Sunday, April 22, 2007

Just Around the Block...and Over the Tasman Sea

I've moved to a new flat, just around the corner from the daffodil yellow cottage that I arrived at on my first day in Christchurch. The morning that I moved, I drove my old housemates--a couple from Austin, TX who were leaving NZ after 8 months abroad--to the airport. My first two and a half months in Christchurch were well spent in this home filled with other travellers from around the world, but I was ready to plant myself in a flat with Kiwis, without the comings and goings of expats and exchange students. After packing up my belongings without attention to organization, my friend Rebecca from Auckland helped me load my red Subaru and followed me on my bike to my new home.

Without sheets or a duvet, I once again enclosed myself in my sleeping bag. For a change, sadly though, I was not on a mountain, in a tent, or below a sky plump with stars. I'm in my new bed at 337 Armagh, across the hall from my new Kiwi flatmates: Sarah, Chris, and Basil the cat. As I learned from my first night at home, they leave the house very early, always before 7am to get to work: Sarah works as a barrista at Vanilla Bean Cafe and Chris is an electrician at the airport. But this morning I beat them as I was out the door by 3:50am to hop on a shuttle to the airport to begin my journey to Sydney, Australia and the Somatechnics conference on bodies, technologies, and society (http://www.somatechnics.org/conference).

It was my first time moving through Christchurch in the thick cloak of darkness of a sleepy weeknight. The streets were clear of cars, cyclists, pedestrians, and even sex workers. Only airport-bound travellers with droopy eyes and overstuffed baggage stood in the easy glow of streetlamps. After paying my departure fee, I headed for gate 32, which was quite empty until at least 40 Korean tourists excitedly and happily filed in. I was glad for their enthusiasm and bubbling energy at such a delicate hour. They made up for the rest of us who were quiet, sleepy, reserved, and slumped in our chairs awaiting our boarding call.

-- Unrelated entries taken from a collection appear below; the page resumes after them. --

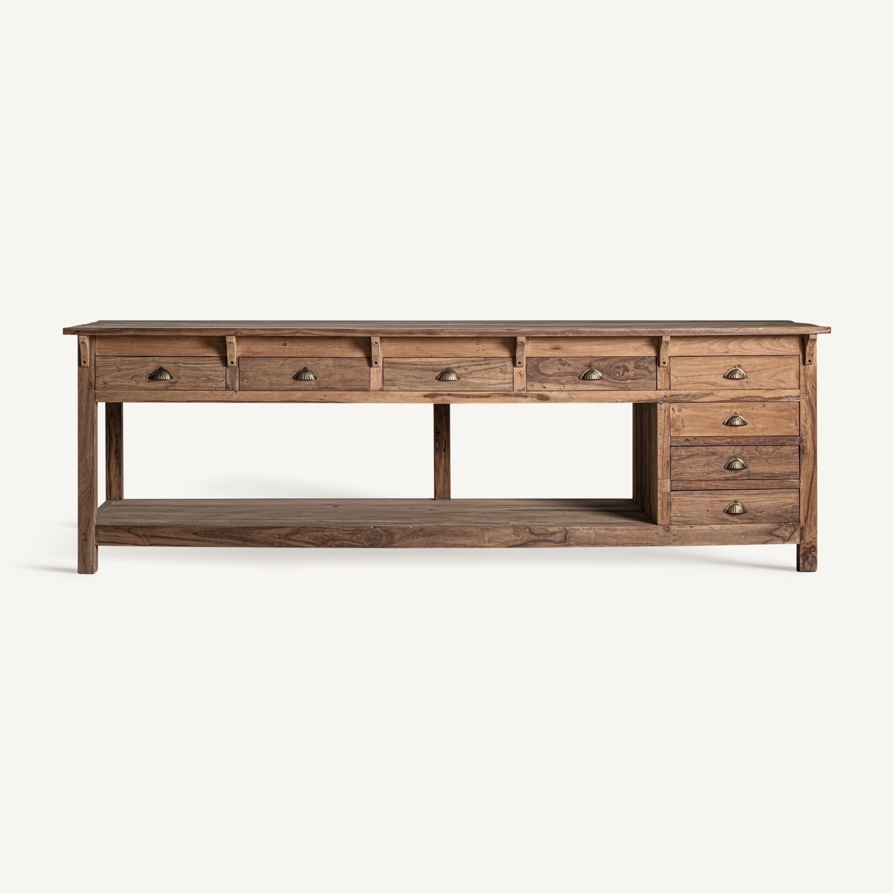 Письменный стол Nehren, коричневый цвет, колониальный стиль. Изготовлен из вторичной древесины.
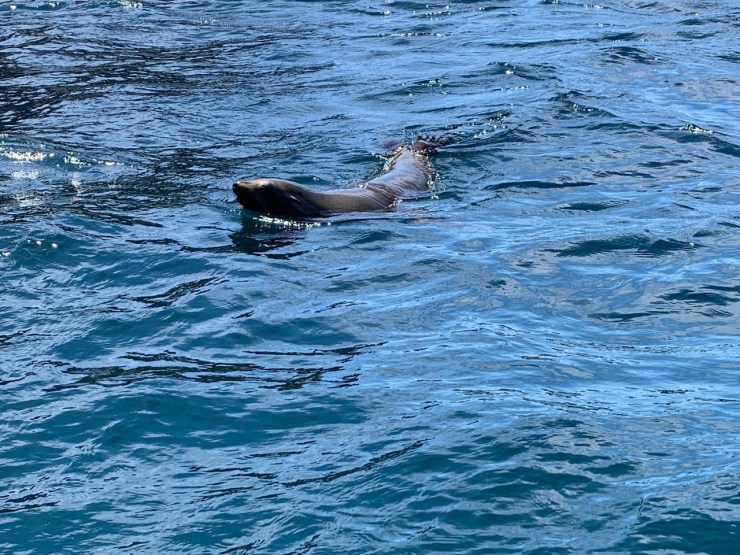 That afternoon the water calmed and we saw masses of turtles swimming all around us. Sometimes just heads popping up, but many full body swimming on top of the water. Cliffs on one side, turtles all around…clear turquoise water, then shades of dark blue. Dolphins are here, but the bay is so huge, that they are not frequently seen and tour groups are not allowed to swim with them
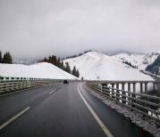 果子沟大桥——位于伊犁,我们从那拉提草原去赛里木湖的路上,经过果子沟。整个沟里有河滩,有山坡,长满了野生的苹果和山杏,随处可看到牧民放牧,成群的羊儿马儿在悠闲的吃着草,今年虽然已是3月中,一场倒春寒这里刚刚下过雪,远处山上依然被白雪覆盖着,一些植物开始有复苏的迹象,这里马上就要春暖花开了,真不愧说这里有“小瑞士”之称,非常漂亮。果子沟大桥就坐落于这天山峡谷之上,是新疆的第一座斜拉式高桥,它集新技术、新结构、新工艺、新设备“四新”于一身,是新疆公路建设史上一次重大突破。是新疆最重要的桥梁,同时也是一道风景。
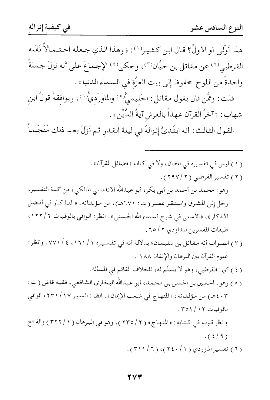 502 قال ابن كثير وهذا الذي جعله احتمالا نقله القرطبي عن مقاتل بن حيان وحكى الإجماع على أنه نزل جملة واحدة من اللوح المحفوظ إلى بيت العزة في السماء الدنيا
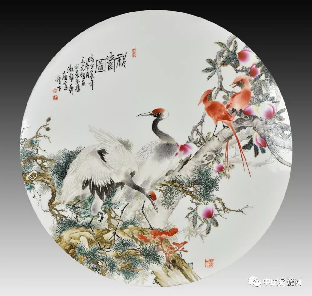 毛光辉 祝寿图 瓷板
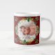 "Avós 1rua Foto de Natal Holly Pine Cones Gigante Coffee Mug." Precioso guardando presente para os novos avós tesourarem para sempre. Apresenta uma foto do seu precioso novo e sua mensagem personalizada e o nome do bebê. Toda arte foi pintada em aquarela por uma artista e designer internacionalmente licenciada, Audrey Jeanne Roberts, autora.
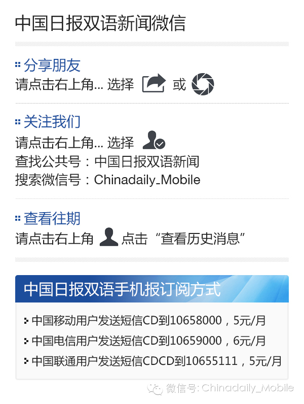 内容来源:Chinadaily双语手机报(回复“免费体验”查看免费阅读30天使用方式)
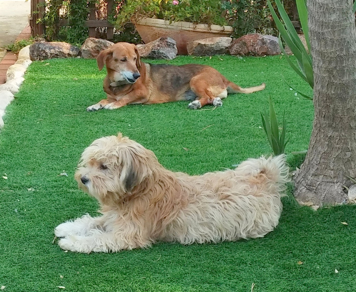 קלי מקדימה וז'וז'ו מאחור. קלי הייתה כלבה דעתנית ודומיננטית והשליטה את מרותה על הסביבה וכלבים יותר גדולים חששו ממנה ולמרות שלא הייתה תוקפנית באופן מיוחד נהמותיה היו מרתיעות. גם כשהייתה נכה, בסוף ימייה, כלבים לא התעסקו איתה. האם קלי הייתה אלפא? האם יש דבר כזה?
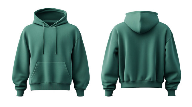 Light Teal Oversized Hoodie Mockup (Front and Back). Blank casual unisex hooded sweatshirt isolated on white background for custom apparel design template.
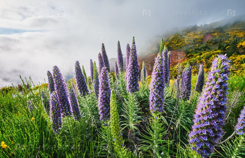 Пейзаж Мадейры с цветами Pride of Madeira и цветущими кустарниками Cytisus и горами в облаках Мирадурос-ду-Паредау, остров Мадейра, Португалия
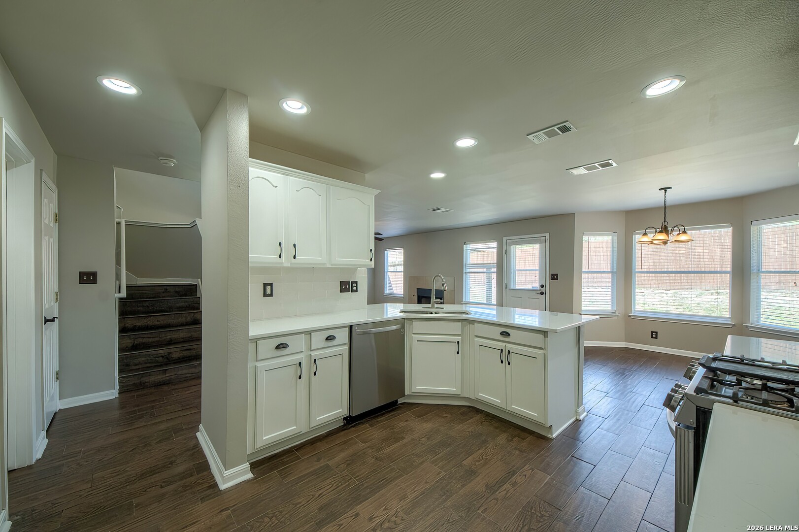 Guy Fieri Would Love...the thoughtfully designed gourmet kitchen of this beautiful 3 bedroom, 2.5 bath traditional home. With generous quartz counters, professional gas oven/cooktop and microwave - it's a cook's dream. Wonderful breakfast bar, too. 1762 square feet. Newly painted inside/out. Walls of windows, fireplace & ceramic tile. A winding staircase that leads to a loft and all three bedrooms. The master bath has a walk-in shower and double vanity. Close to schools and shopping. Come see!
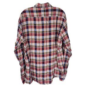 Barbour Tailored Fit Linen Shirt XL Red Plaid Preppy Coastal Lightweight Resort
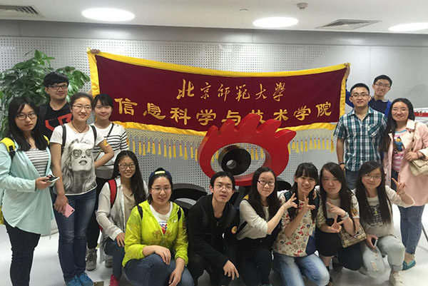 最后,同学们集体到新浪大标志处合影留念,工作人员向同学们赠送了小纪念品。大家愉快道别,走近名企之新浪站顺利结束。
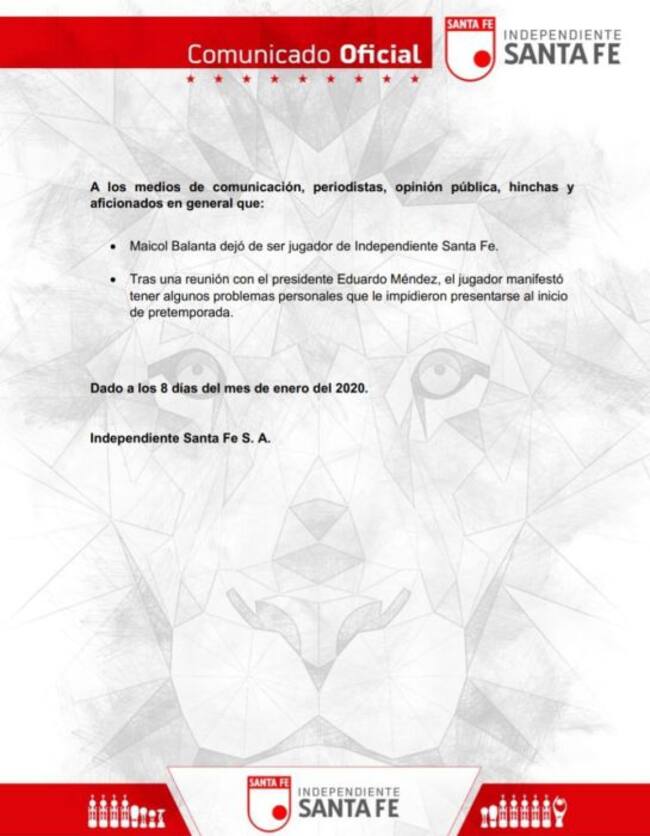 Presentarse tarde a la pretemporada con Independiente Santa Fe, fue la copa que rebasó el vaso de los dirigentes, que decidieron terminar el contrato de Maicol Balanta. Esto luego de que fuera citado el 2 de enero y apareciera en la sede administrativa del club 6 días después.
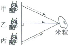 )蚂蚁最先吃到米粒,理由:(从直线外一点到这条直线所画的垂直线段最短
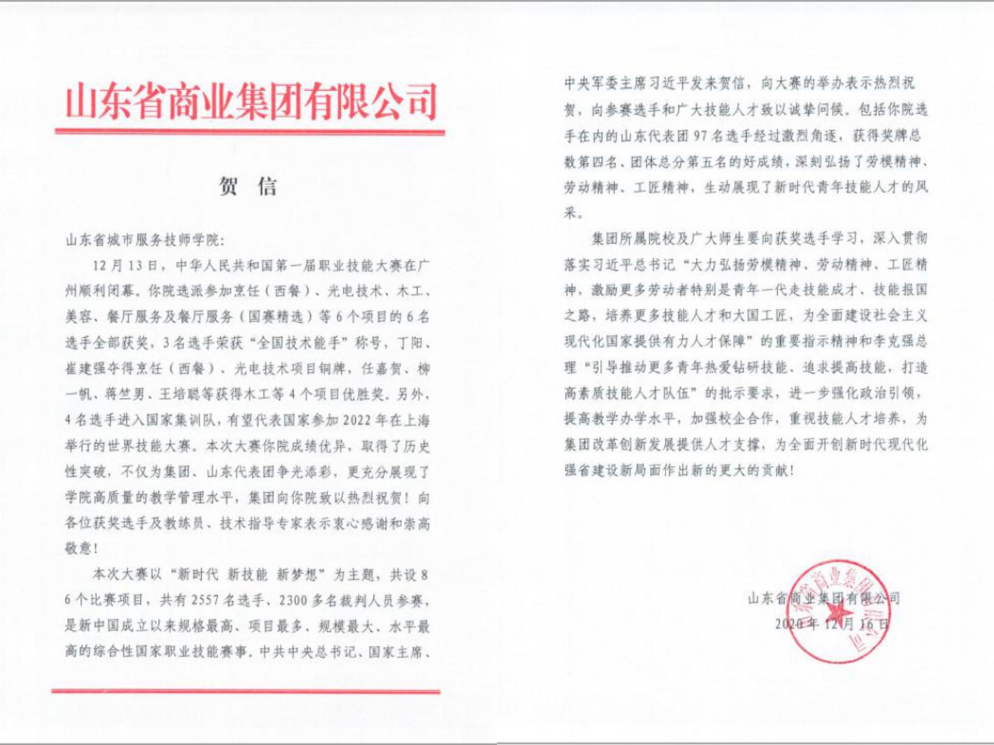12月13日,首届全国职业技能大赛在广州顺利闭幕。省城市学院选派参加烹饪(西餐)、光电技术、木工、美容、餐厅服务及餐厅服务(国赛精选)项目的6位选手全部获奖,其中3位选手荣获全国技术能手称号,有4位选手进入国家集训队,有望参加2022年在上海举行的世界技能大赛。鲁商集团赛后致贺信,对学院取得的优异成绩表示祝贺!
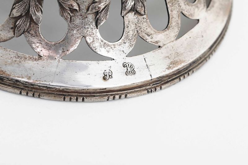 Coppia di vasi in argento fuso, traforato e cesellato e vetro. Marchi di fantasia ad imitazione dell'argenteria francese [..]
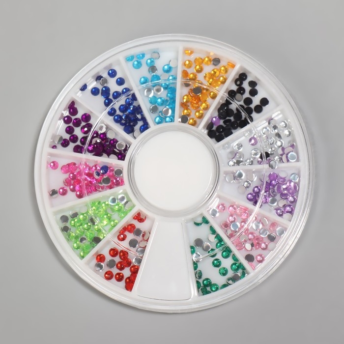 Стразы для декора ногтей, 12 ячеек, 2 мм, разноцветные
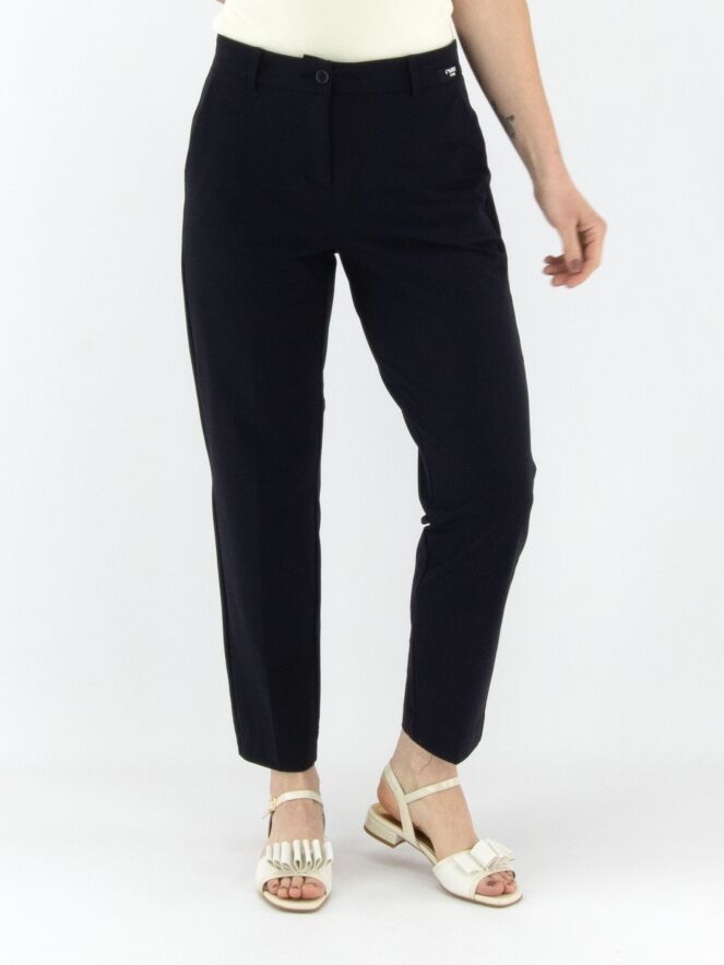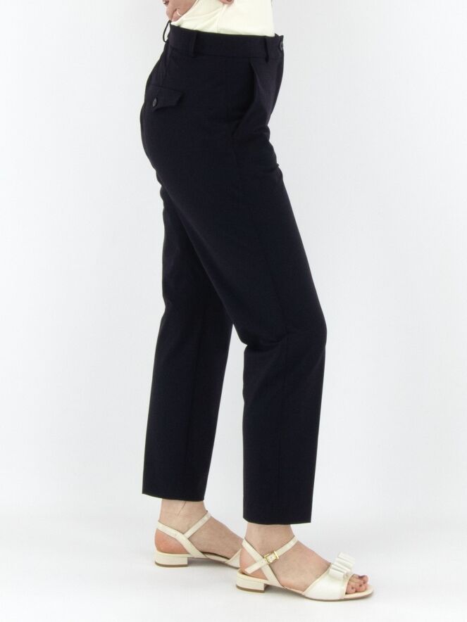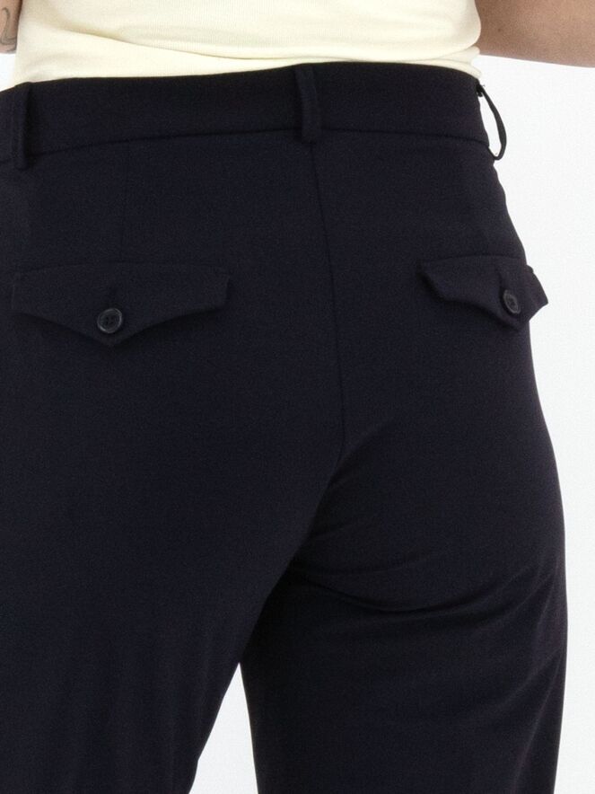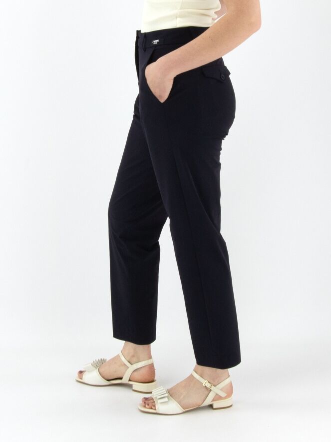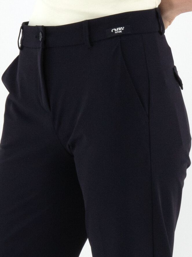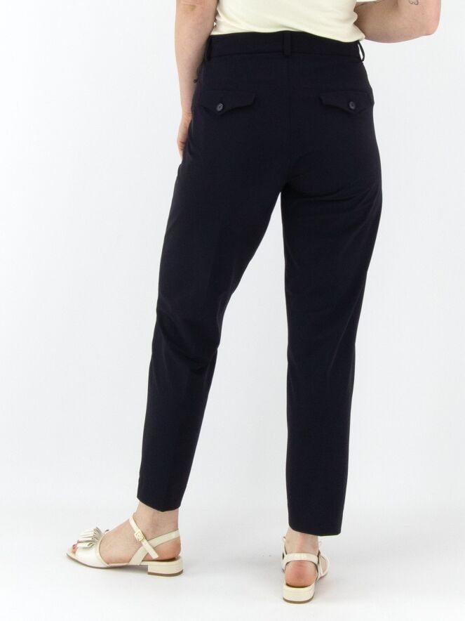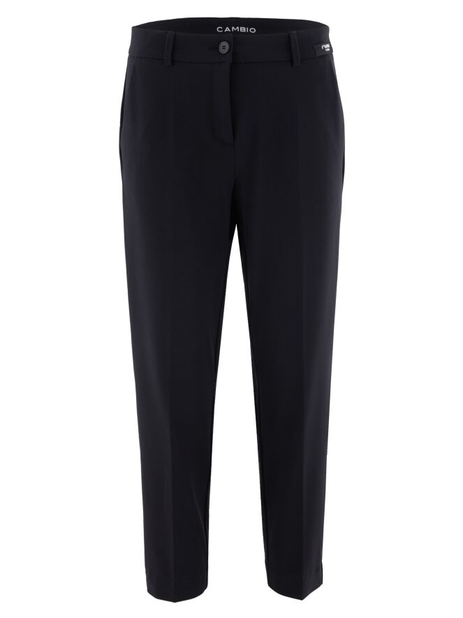 Een broek van Cambio in de kleur marineblauw. De broek heeft steekzakken en in het midden van de pijpen is zowel aan de voor- als achterkant een ingestreken plooi verwerkt. Deze broek mag op 30 graden worden gewassen.

I shut my eyes for taxi, fell asleep for take-off, and dreamt as we cruised over the Tasman Sea. I seemed to wake up in line at Australian immigration and standing in the "Others" line: Czech, German, British, Middle Eastern, East Asian, South Asian, frat boys, sorority sisters, veiled mothers, Irish expats, and me. We moved slowly as the parade of aircraft personell--pilots and flight attendants--passed us by. Against the wrinkled and shlumpy masses, these professional flyers gleamed in crisp, color-coordinated perfection.

Attempting to find my shuttle to the backpackers, I hear my name called out. I whip around towards this suspicious sound and see a man with gray hair and glasses who's face is strangely familiar and misplaced. Another look behind him reveals Jenny, my long lost mate from Barnard, whose arrival in Sydney wasn't expected for another few weeks. The man is her father, Tom, tagging along and offering help as she settles into her life down under. I'm still in shock and unsure if the encounter was real. Perhaps I was still in a sleep-deprived daze after traversing the Tasman. Anyhow, I should be meeting up with my Australian mirage of a friend later in the weekend.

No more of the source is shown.